Insurers Balk at Coverage for Firm Accused of Delivering Damaging Biofuel to Customers

April 17, 2023

Two Crum & Forster subsidiaries have asked a federal court in Massachusetts to declare that they have no duty to provide coverage to an insured heating oil company over its delivery of oil diluted with high quantities of biodiesel that allegedly caused operating difficulties and damages to furnaces for some Massachusetts customers.

U.S. Fire Insurance Co. and The North River Insurance Co. are fighting involvement in a class action filed by customers against its insured, Peterson Oil Co. and three of its executives. The insurers are currently providing a defense but that is subject to a complete reservations of rights to deny indemnity, withdraw from the defense and to seek a judicial declaration.

According to the underlying suit in the case, Peterson allegedly delivered oil averaging 35% biodiesel in many years and, in many months, 70% or higher in order to qualify for lucrative tax breaks. According to suit, the U.S. Department of Energy Resources does not recommend fuel that contains greater than 20% biodiesel for traditional home heating oil applications and that prior to 2021, no burner manufacturers had approved their burners for use with fuel containing more than 5% biodiesel without a conversion kit, which only permits burners to use up to 20% biodiesel.

The complaint alleges that Peterson began delivering the incompatible fuel in 2012 but did not inform customers until 2019, when it sought to qualify for federal tax breaks for selling the biodiesel. The plaintiffs allege that Peterson “still has not disclosed any known risks of using biodiesel to its customers, and purposefully concealed the true contents and characteristics of its fuel to increase profits.”

The incompatible fuel ended up causing damage, requiring repairs and replacement, and providing less efficient heating. Some customers claim they spent thousands of dollars on replacing or emptying tanks, repairing and cleanup after oil pipes burst, and acquiring replacement fuel.

The insurers argue that the class action claims fall outside the policies they issued to Peterson.

The primary and umbrella commercial insurance policies from the insurers were renewed from July 2012 through July 2016. Insurers claim both policies contain numerous exclusions including for property damage expected or intended by the insured, for property damage to impaired property, and for pollution.

Since the underlying action alleges that Peterson knew that mixing high percentages of biodiesel with fuel did not meet industry standards for heating oil and they were aware of the risks high biodiesel blends posed to customers’ heating equipment, the insurers argue that coverage is precluded by the “expected or intended injury” exclusion in the primary policies and the umbrella policies.

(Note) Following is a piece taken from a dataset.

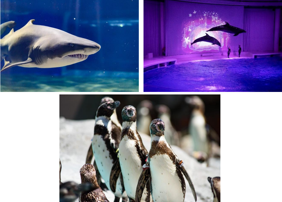 当館が飼育種類数日本一を誇るサメやかわいらしいイルカなど、アクアワールド・大洗で展示している生き物たちの魅力を表現したデザインとなっています。

The insurers further maintain the policies only provide coverage for property damage caused by an occurrence “that takes place during the policy period.” While they allege Peterson began delivering the incompatible fuel in 2012, none of the claimants appear to allege damage claims before July 2016, when the policies expired.

The umbrella policies also contain a limitation of coverage related to property damage arising from the erroneous delivery of one liquid product for another.